# Metal bands that play Fender amps?



## vilk (Oct 14, 2020)

Probably the first time I ever saw one was when my band opened for a Quebecois band called the Hazytones.... it was some sort of tweed 12" combo, probably a deluxe (atop an orange 4x12) 

Later I saw Uncle Acid and the Deadbeats, I could've sworn it was 2x12 combos (making them Twins, right? Isn't that the only Fender 2x12 combo there is?), but I've read in interview the guy loves Tweed Deluxes... They are pretty wide for 1x12 so it's definitely possible.

I also know about Baroness rocking Princeton 10" combos on top of their Deluxes.

Honestly, I thought both Hazytones and Uncle Acid had amazing guitar tone live. I've never seen Baroness but in videos they sound great. I'm genuinely intrigued. I've never dialed in a dirty Fender before, hell, I never even touched one in a guitar shop... After all, that shit ain't metal! but I do keep a cranked, rangemastered Silvertone as a go-to in Helix. And recently I've become pretty fascinated with Fender Twin clean tone (again, in Helix).

I think Bongripper used to use a Bassman, but I think these days it's preamp+quilter.


Anyone know any more metal bands playing through Fender amps?


----------



## akinari (Oct 14, 2020)

Ephel Duath used a Fender combo on their records, I think it was a Hot Rod Deluxe or something? Blues Deville? Something like that.
Ron and Toby from Kayo Dot have been using twins forever.
Pretty sure one of the guys from Snakes Alive had a Fender combo in the studio pictures I saw forever ago.
Ben from Snow Burial is/was using a pair of twins with vintage 30s in conjunction with an Orange and a Verellen.


----------



## gunshow86de (Oct 14, 2020)

Not sure if it counts since it's the amps they usually play, but King Gizzard used Fender combo amps on that one "metal" album they did.


----------



## KnightBrolaire (Oct 14, 2020)

Baroness just use the fenders as pedal platforms fyi. They're not getting their dirt tones from the amp itself. John has been doing that since at least Yellow/Green iirc.

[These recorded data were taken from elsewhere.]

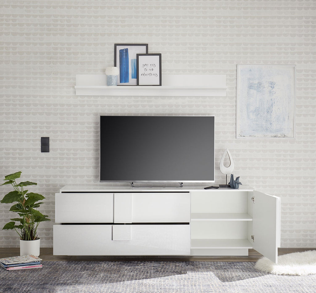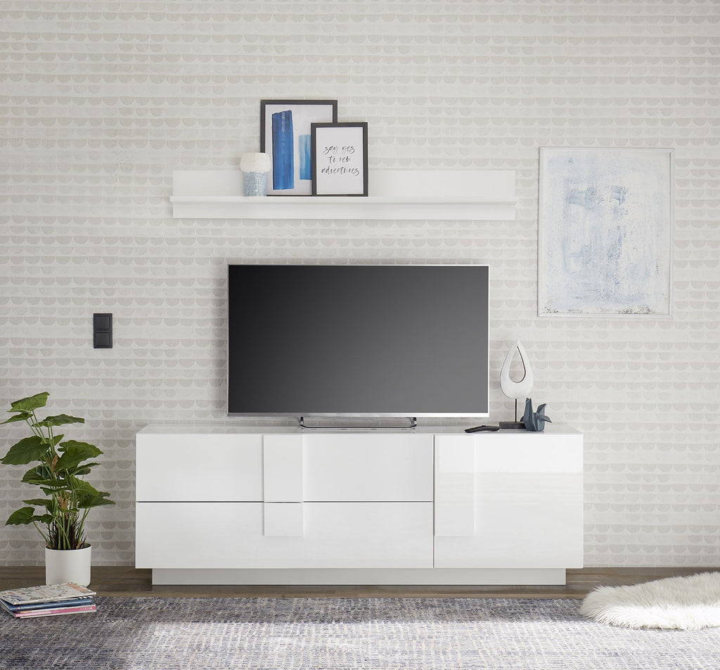 Mobile TV Moderno 1 Anta 2 Cassetti Jupiter 182x44x63 cm Bianco laccato lucido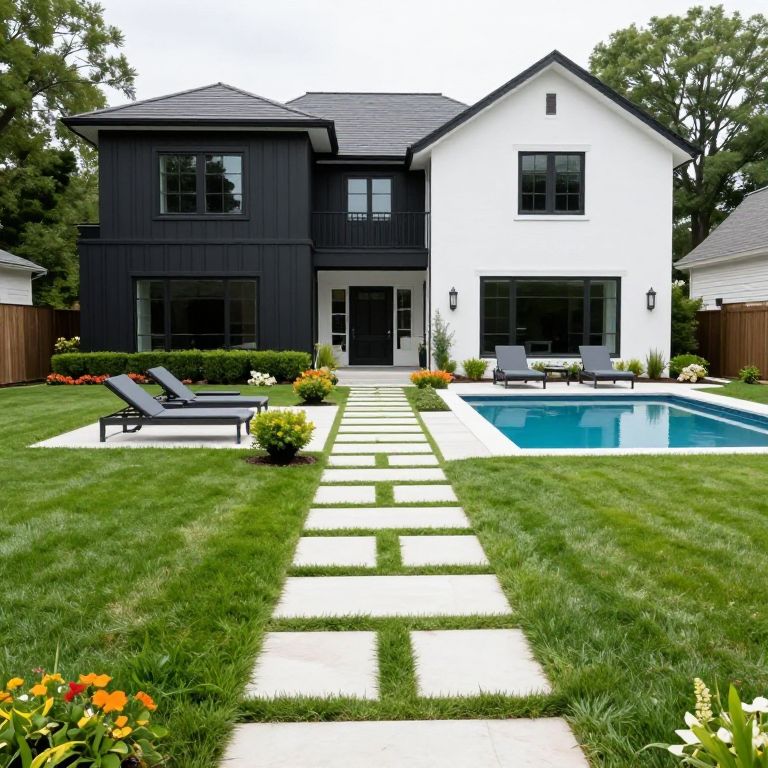 Lush green lawn interspersed with geometric white stone pathways leads to a modern two-story home featuring a sleek black-and-white exterior, flanked by neatly trimmed hedges and vibrant flower beds, while a tranquil rectangular pool with sun loungers invites relaxation in this serene Arlington Heights, Illinois, retreat.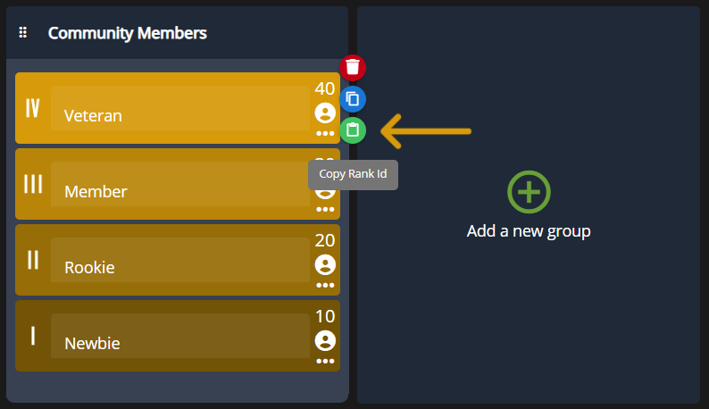 In the group header, click the green plus button to begin creating a new rank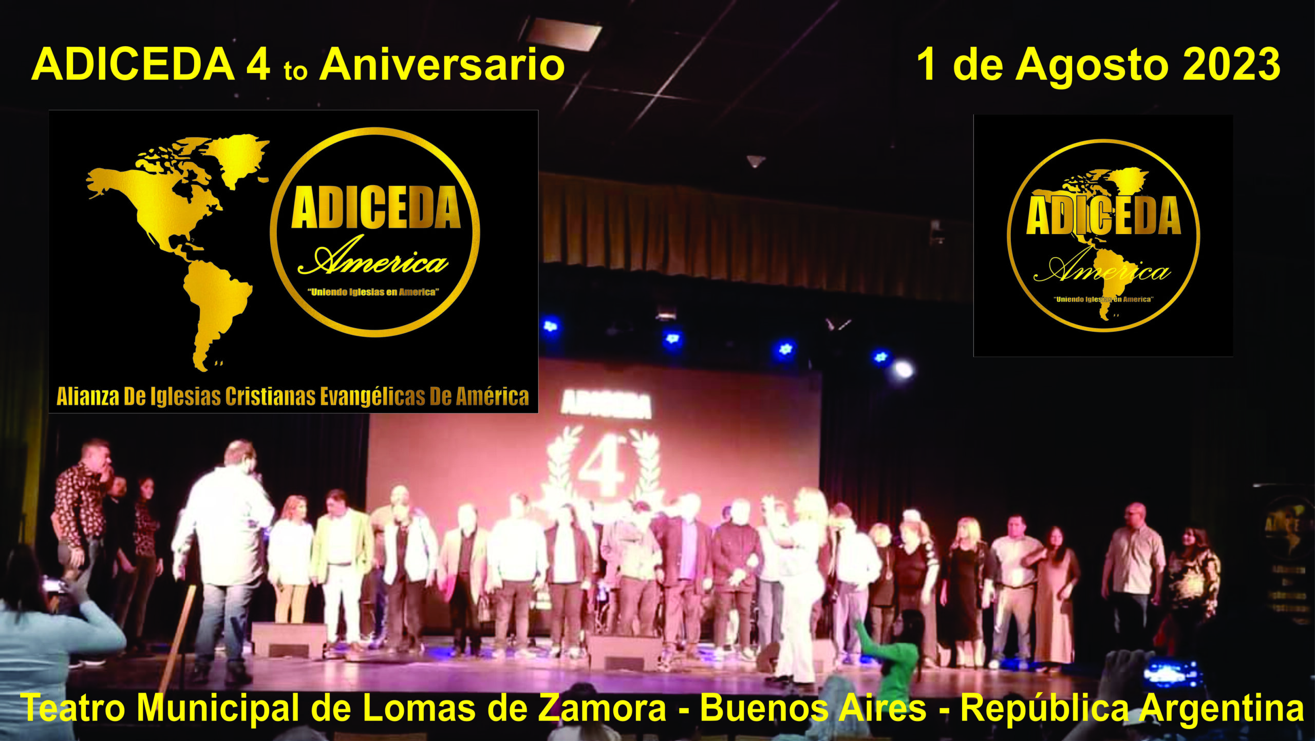La Alianza De Iglesias Cristianas Evangélica De América (ADICEDA) celebro su 4 año de vida y como tiene por costumbre lo hizo con un evento a pura Música Cristiana en el Teatro Municipal de Lomas de Zamora en la Provincia de Buenos Aires, Republica Argentina, al igual que el año anterior con la presencia de Pastores, Apóstoles, Predicadores, evangelistas, Maestro y Ministros que forman parte de ADICEDA se realizo en evento el Martes 1 de Agosto a las 17 hs.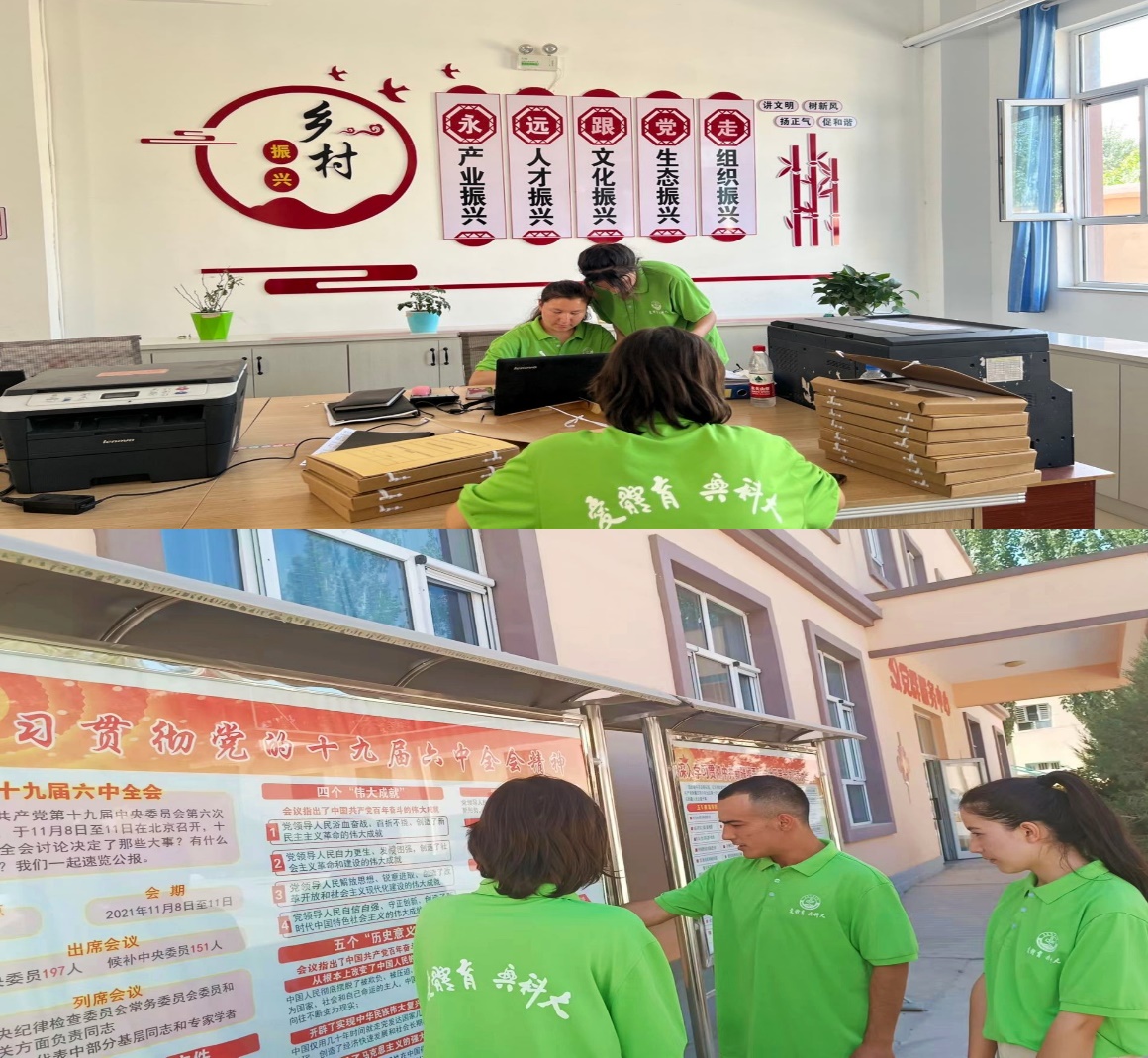 上午,暑期社会实践团队与色满乡提坎贝西村村委会进行了座谈交流会,提坎贝西村农村发展中心副主任阿布都克比尔·吐尔逊、社会实践团队指导老师热孜亚及团队全部成员参加此次交流座谈会。实践团队与村委干部就本村的发展情况进行了一番深入交流,细致地了解了提坎贝西村近年来农业、商业、旅游、手工艺品等本土化发展情况。在村委干部的引领下,大家深入村里进行实地考察调研。通过村民们的介绍,队员了解并记录了乡村振兴发展历程和现行模式的基本概况。团队成员根据了解的信息,向村委干部提出了一些有关推广普通话的可行性建议。村委干部表示,村委会已经准备为村民们开展“夜校”,并将结合实际情况不断提高当地普通话水平,推动乡村振兴。

I used to have a Hot Rod Deville and that amp was actually surprisingly good at metal. Granted that was at ear splitting volume with a boost pedal, but it definitely gave a unique gnarly voice. Also take a look at the Vox AC30. It gets surprisingly gnarly as well


----------



## vilk (Oct 14, 2020)

akinari said:


> Ephel Duath used a Fender combo on their records, I think it was a Hot Rod Deluxe or something? Blues Deville? Something like that.
> Ron and Toby from Kayo Dot have been using twins forever.
> Pretty sure one of the guys from Snakes Alive had a Fender combo in the studio pictures I saw forever ago.
> Ben from Snow Burial is/was using a pair of twins with vintage 30s in conjunction with an Orange and a Verellen.


I think you're the first person besides me that I've ever heard talk about Ephel Duath 

You think they used them on Hemmed by Light? I love the tone on that album


----------



## gunch (Oct 14, 2020)

The supersonic is _kinda _a gain head?


----------



## akinari (Oct 14, 2020)

vilk said:


> I think you're the first person besides me that I've ever heard talk about Ephel Duath
> 
> You think they used them on Hemmed by Light? I love the tone on that album




I remember hearing the Fender was used on every record they did, but I suppose he could've blended it with something else. Brilliant band.


----------



## akinari (Oct 14, 2020)

This thread's making me want to buy a Fender M80 and I don't need one


----------



## broj15 (Oct 14, 2020)

Tons of heavy bands use dual showman's, twins, bassmans, etc.. older fenders obviously have great clean tones & can push a ton of air without breaking up so they're perfect for using as a pedal platform with whatever OD/fuzz/distortion suits your needs.


----------



## BenjaminW (Oct 14, 2020)

I have a Fender Champion 100 that I used to use for a few years until I got my Marshall, and it's definitely my favorite combo amp. 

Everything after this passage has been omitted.